Well, I for one am not ‘paralysed with fear’ – but I am concerned that Shifren is coming to this country to stir up trouble in a Jewish community that does have (as my wedding companion illustrates) its ambivalences about Islam and its anxieties about Muslims. I cannot honestly believe that Shifren will find much sympathy amongst Jews here for his wish that they seek common cause with the thugs and hooligans of the English Defence League. But he could do a lot of damage to Muslim perceptions of Jews in this country. His blatant Islamophobia is abhorrent and racist – and it won’t perhaps surprise us (though again this isn’t mentioned on his website promoting his run for the US Senate) that he is a member of the West Bank settlement Kfar Tapuach, which has a reputation for extreme anti-government militancy and where Israeli police recently arrested a member for allegedly killing Palestinians.

In a recent article he offered an example of his discerning rabbinic wisdom as follows:

“The rule that we in the West refuse to acknowledge is simply that to the muslim, whoever is perceived as strong, will be feared and will survive; and whoever is seen as weak, irresolute, or wavering, will be despised and will be vanquished... This will be a hard bullet for America to bite, but we are at war with Islam!
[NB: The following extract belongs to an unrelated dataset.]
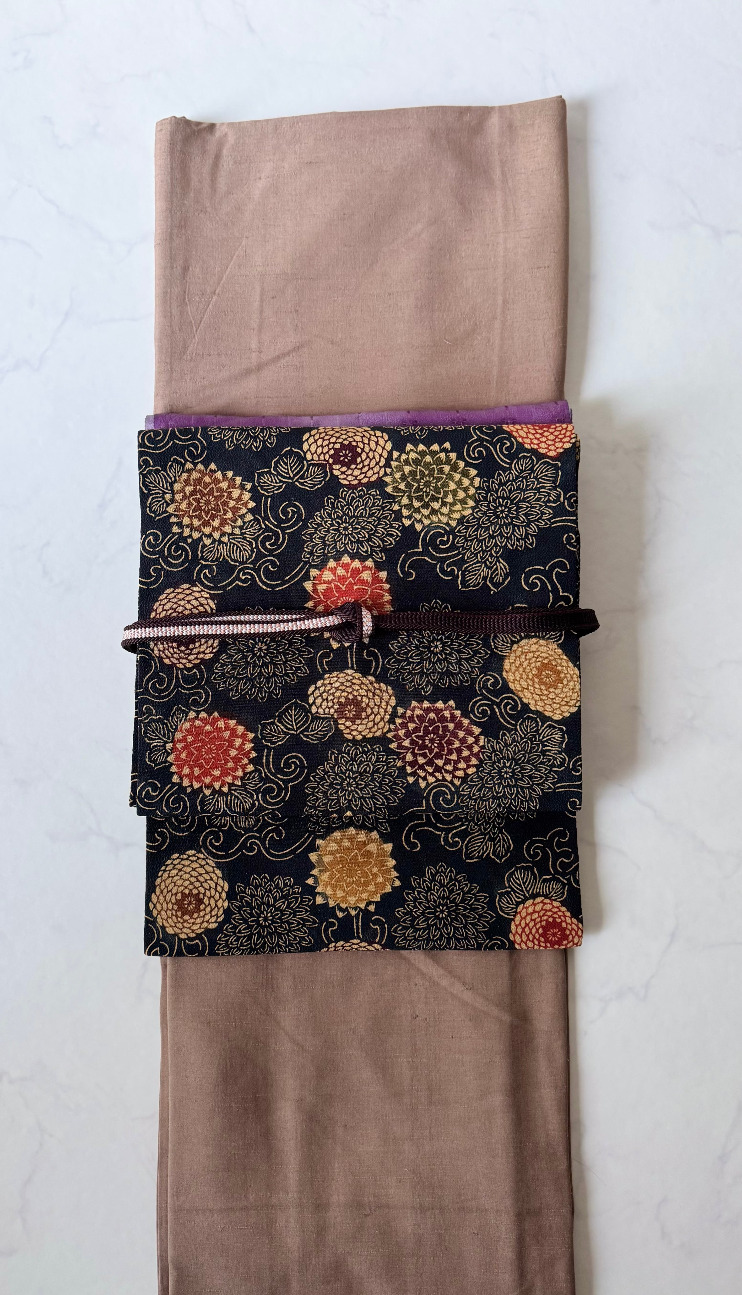 濃紺の地に花唐草模様が描かれたなごや帯です。

Those who deny this are quislings or fifth-columnists — and very often, university professors and chancellors... The muslim onslaught is at the gates; they are weary of our self-indulgence and they abhor our eroding social mores and valueless culture. They are sharpening the long knives, knowing that their time will come shortly.”

Ah yes, those long Muslim knives – close kin of the Jewish ones we use to kill Christian children for the blood we need to bake matzot.
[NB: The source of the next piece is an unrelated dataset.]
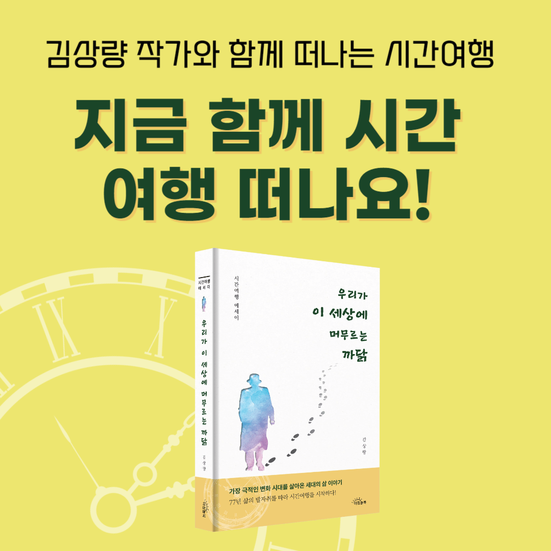 <시간여행 에세이>우리가 이 세상에 머무르는 까닭 출간 기념 북토크가 5월 25일(토) 오후 2시 광교홍재도서관에서 진행 될 예정입니다. 아직 시간여행을 떠날 티켓 예약을 하지 않으셨다면 서두르세요! 티켓 가격은 무료입니다. 우리 김상량 작가님과 함께 떠나는 북토크에서 만나요!

And on his website designed for his attempt to gain a seat in the US Senate we find a xenophobic anti-Muslim invective that makes it understandable why the English Defence League will be welcoming him with open arms:

“Here's something to think about the next time you are watching some American institution being obliterated by suicide bombers or some other assault designed to vanquish our nation:
Where were you when
• Taxi drivers in San Diego blocked an entire sidewalk while they rolled out carpets and bowed down to Mecca?
• Dearborne, Michigan is forced to endure the horrific blasts from ubiquitous mosques dotting the city, FIVE TIMES DAILY?
• Harvard University spends public money on foot baths for use before Muslim prayers?”
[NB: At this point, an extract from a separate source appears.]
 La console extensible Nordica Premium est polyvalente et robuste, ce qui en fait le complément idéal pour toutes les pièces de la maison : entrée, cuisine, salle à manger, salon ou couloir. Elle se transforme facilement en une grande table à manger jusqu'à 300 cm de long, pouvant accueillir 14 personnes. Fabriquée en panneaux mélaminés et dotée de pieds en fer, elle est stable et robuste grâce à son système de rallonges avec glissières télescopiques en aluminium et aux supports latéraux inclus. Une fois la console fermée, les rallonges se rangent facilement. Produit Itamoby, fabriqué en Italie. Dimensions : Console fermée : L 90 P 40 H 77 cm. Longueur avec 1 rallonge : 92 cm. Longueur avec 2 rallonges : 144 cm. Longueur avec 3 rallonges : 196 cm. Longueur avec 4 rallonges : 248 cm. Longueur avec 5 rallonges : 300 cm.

There is much more in this nauseating vein in his published remarks – and it is hard to believe that all of this is not an incitement to hatred. I normally find myself passionately defending the principle of free speech – even for views which appal me. But in this case I have begun to ask myself the question: if this surfing rabbi is headed in our direction on a tide of noxious effluent that is promoting hatred towards Muslims, shouldn’t the Board of Deputies be petitioning the Home Secretary to ban Rabbi Shifren from entering the UK just as they have petitioned on other occasions for the banning of certain extremist Islamic hate-mongers?

You can’t ban someone for the shame they will bring on the bruised good name of Judaism – but incitement to hatred is something else.